To me, this is like the argument over THC and driving. OK, criminalize use before/while driving... if you can show that it causes accidents. Well, is this actually causing more pollution?
"You're right," Fisheye says. "I should have set it on 'whip' or 'chop.'"
Which Beetles are you referring to? The older first gen beetles, with the air cooled flat four chirped because the stock exhaust pipes had perforated baffles that whistled as the exhaust gas flowed through. Replace those tailpipes with, say straight pipe, and the chirp went away. My dad's '61 didn't chirp after he put on some flared stainless pipes. Valves faces and seats aren't lubricated by oil. The valve guides and stems are, but the faces are not. Unless the piston rings are bad. You may be referring to the cylinder behind the oil cooler, which I believe is number 3. It would starve for cooling air and the exhaust valve would eventually fail, popping the valve head off the stem and frag the cylinder. My '70 did that. Good times.

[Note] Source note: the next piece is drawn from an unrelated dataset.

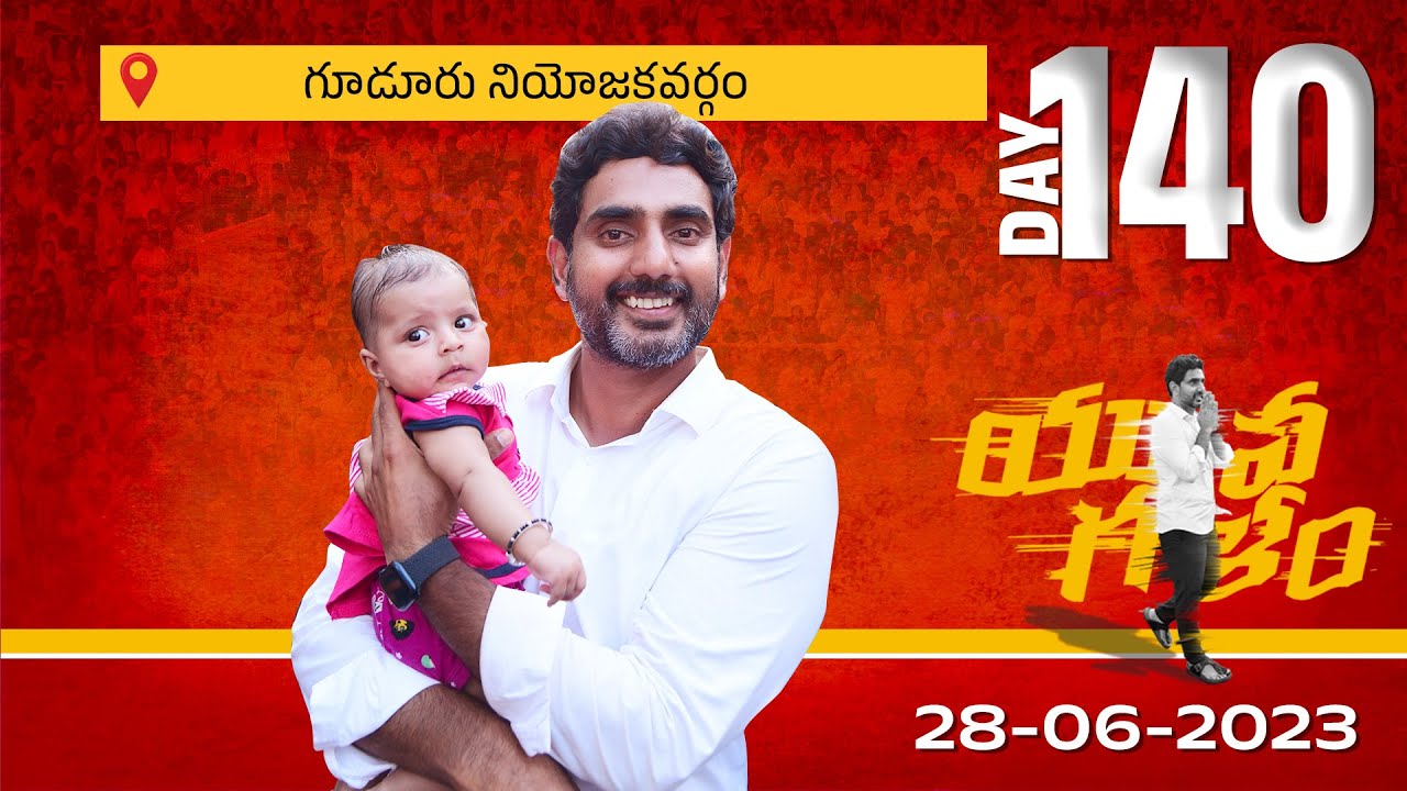 <strong>LIVE : Day-140 : గూడూరు నియోజకవర్గంలో యువగళం సారధి నారా లోకేష్ యువగళం పాదయాత్ర</strong> [embed]https://www.youtube.com/watch?v=FTct0IzULbI[/embed]

We have algae that can turn cellulose grown on scrubland into a direct substitute for gasoline (butanol), we can make biofuel substitute for diesel. But there is no serious investment that way, only token efforts.
No, it's worse than that; Butamax, a holding company owned by BP and DuPont, managed to get a patent on the process for efficiently producing butanol and are now actively preventing Gevo (a GE energy ventures subsidiary) from making butanol fuel and selling it to the public, which they would like to be doing right now — on a small scale at first, but ramping up over time.
BP, some of the most evil fucks ever, and DuPont, more of the most evil fucks ever, are actively preventing us from having the best biofuel we could be burning.
"You're right," Fisheye says. "I should have set it on 'whip' or 'chop.'"
Not really. The US actually has stricter regulations than the EU across a number of major areas, like air pollution standards for power plants (definitely not a "tiny, select area[]" by anyone's definition), The US' Endangered Species Act is stronger and more comprehensive than the EU's. Even where standards are technically higher under EU directives than US federal environmental policy, such as in drinking water, failure to meet those standards is rampant, particularly in Eastern European countries.
Maybe if the shareholders were held responsible for things like this, then they'd pick managers less likely to endorse such behavior.
Learn to love Alaska
If stockholders held any actual power in a company, I'd be fine with making fines punitive for stockholders.
But we live in a world where senior management in collusion with the board have essentially stripped shareholders of any power. Most shareholder initiated proxies are non-binding, when they're allowed at all. Boards routinely rubber stamp management decisions-- mostly because they are so often comprised of managers from other companies (boards have more recursion than CompSci 3104).
The idea that officers don't know what might be happening seems a practical truth, but it flies in the face of stratospheric executive salaries justified with the general logic that CEOs and senior management are geniuses, singularly responsible for the success and advancement of their organizations. If they want to get paid as if that was true, they should face the concomitant assignment of responsibility.
Saying "they didn't know" seems to be a failure of management (the verb) -- failure to setup adequate reporting and oversight processes.
Further, in this specific case it seems unlikely that a rogue employee or even rogue engineering group would have been unlikely to be solely responsible. The scale of risk, cost remediation and fixing the problem (emissions) correctly seems to have been something that would have naturally bubbled up through management.